━━━━━ Stored data ━━━━━

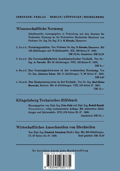 Die Gebilde der Technik sind durch Stoff und Form bestimmt. Wenn wir hinsichtlich der Formgebung hauptsachlich an ihre funktionellen Z'wecke zu denken pfiegen, so bleibt doch giiltig, daB im Grund aIle Formgebung auf geometrischen Gegebenheiten beruht, ja, diese be herrschen oft genug noch die Endform eines Gebildes, wie z. B. bei schraubigen und evolventischen FHichen. Es erscheint darum nur als naturlich, die Geometrie behutsam auch in das Normungsdenken einzu beziehen, das dadurch selbst einen unanfechtbaren Ruckhalt gewinnen kann. Wir gestehen, daB wir hierauf nicht aus "Normungseifer" gekommen sind, sondern unter dem Eindruck einer bestimmten geometrischen Auf gabe von bemerkenswerter technischer Reichweite, der Frage namlich, welche geometrischen Formen die Eigenschaft haben, sich in kongruenter Wiederholung lUckenlos aneinanderzuschlieBen (wie Quadrate oder regel maBige Sechsecke). Von dieser zunachst a bstrakt gesteIlten Aufga be sind sogleich die beiden Nutzanwendungen zu nennen: einmal der Aufbau einer Gesamtfiache aus kongruenten Flachenteilen, z. B. eines Bodens aus Fliesen, und zum andern die Zerlegung einer Gesamtfiache in Gestalt von fiachem Halbzeug, wie Blech oder Papier, in gleiche Werkstucke. Jenem Aneinanderpassen ohne zu fUllende Lucken entspricht hier das Trennen ohne wegzuwerfende Abfalle. Diese Aufgabe, die in der Mathematik nach D. HILBERT (1900 [2]) das "regulare Parkettierungsproblem" genannt wird, hat ihre voIlstandige Losung fur aIle Formen der luckenlosen Aufteilung in einem System von 28 Konstruktionsgesetzen, die der eine Verfasser (H.) 1932 fand. In diesem System liegt somit eine sehr weitgreifende Grundnorm vor.
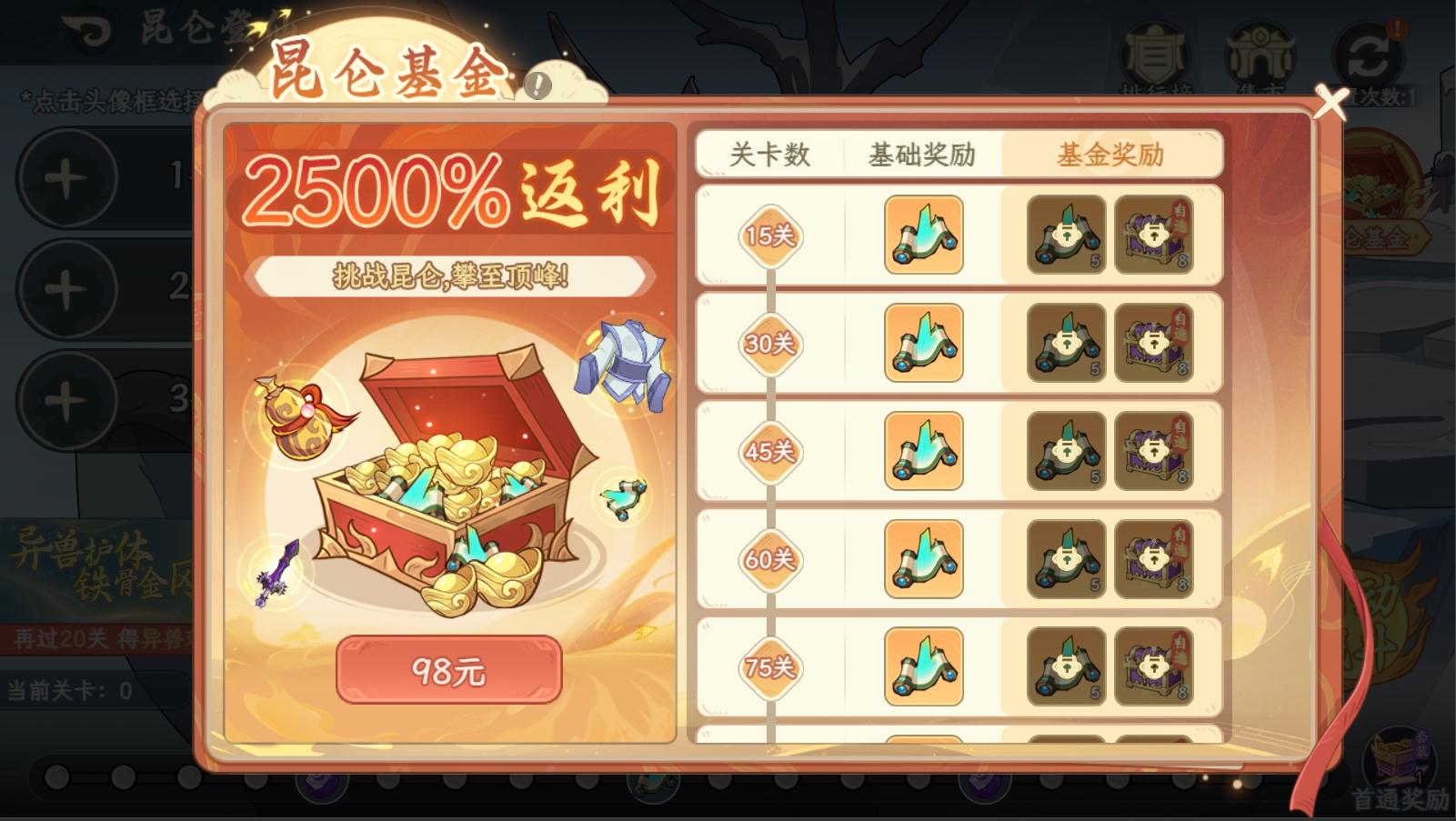 【活动描述】挑战昆仑达到指定关卡后,可通过昆仑基金领取丰厚奖励。
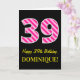 Fun Pink Striped "39"; Happy 39th Birthday; Name Card

━━━━━

■ **Exercise instructions**: Every line above should be output exactly, except for the pictures.

■ **Your solution**:
 Die Gebilde der Technik sind durch Stoff und Form bestimmt. Wenn wir hinsichtlich der Formgebung hauptsachlich an ihre funktionellen Z'wecke zu denken pfiegen, so bleibt doch giiltig, daB im Grund aIle Formgebung auf geometrischen Gegebenheiten beruht, ja, diese be herrschen oft genug noch die Endform eines Gebildes, wie z. B. bei schraubigen und evolventischen FHichen. Es erscheint darum nur als naturlich, die Geometrie behutsam auch in das Normungsdenken einzu beziehen, das dadurch selbst einen unanfechtbaren Ruckhalt gewinnen kann. Wir gestehen, daB wir hierauf nicht aus "Normungseifer" gekommen sind, sondern unter dem Eindruck einer bestimmten geometrischen Auf gabe von bemerkenswerter technischer Reichweite, der Frage namlich, welche geometrischen Formen die Eigenschaft haben, sich in kongruenter Wiederholung lUckenlos aneinanderzuschlieBen (wie Quadrate oder regel maBige Sechsecke). Von dieser zunachst a bstrakt gesteIlten Aufga be sind sogleich die beiden Nutzanwendungen zu nennen: einmal der Aufbau einer Gesamtfiache aus kongruenten Flachenteilen, z. B. eines Bodens aus Fliesen, und zum andern die Zerlegung einer Gesamtfiache in Gestalt von fiachem Halbzeug, wie Blech oder Papier, in gleiche Werkstucke. Jenem Aneinanderpassen ohne zu fUllende Lucken entspricht hier das Trennen ohne wegzuwerfende Abfalle. Diese Aufgabe, die in der Mathematik nach D. HILBERT (1900 [2]) das "regulare Parkettierungsproblem" genannt wird, hat ihre voIlstandige Losung fur aIle Formen der luckenlosen Aufteilung in einem System von 28 Konstruktionsgesetzen, die der eine Verfasser (H.) 1932 fand. In diesem System liegt somit eine sehr weitgreifende Grundnorm vor.
 【活动描述】挑战昆仑达到指定关卡后,可通过昆仑基金领取丰厚奖励。
 Fun Pink Striped "39"; Happy 39th Birthday; Name Card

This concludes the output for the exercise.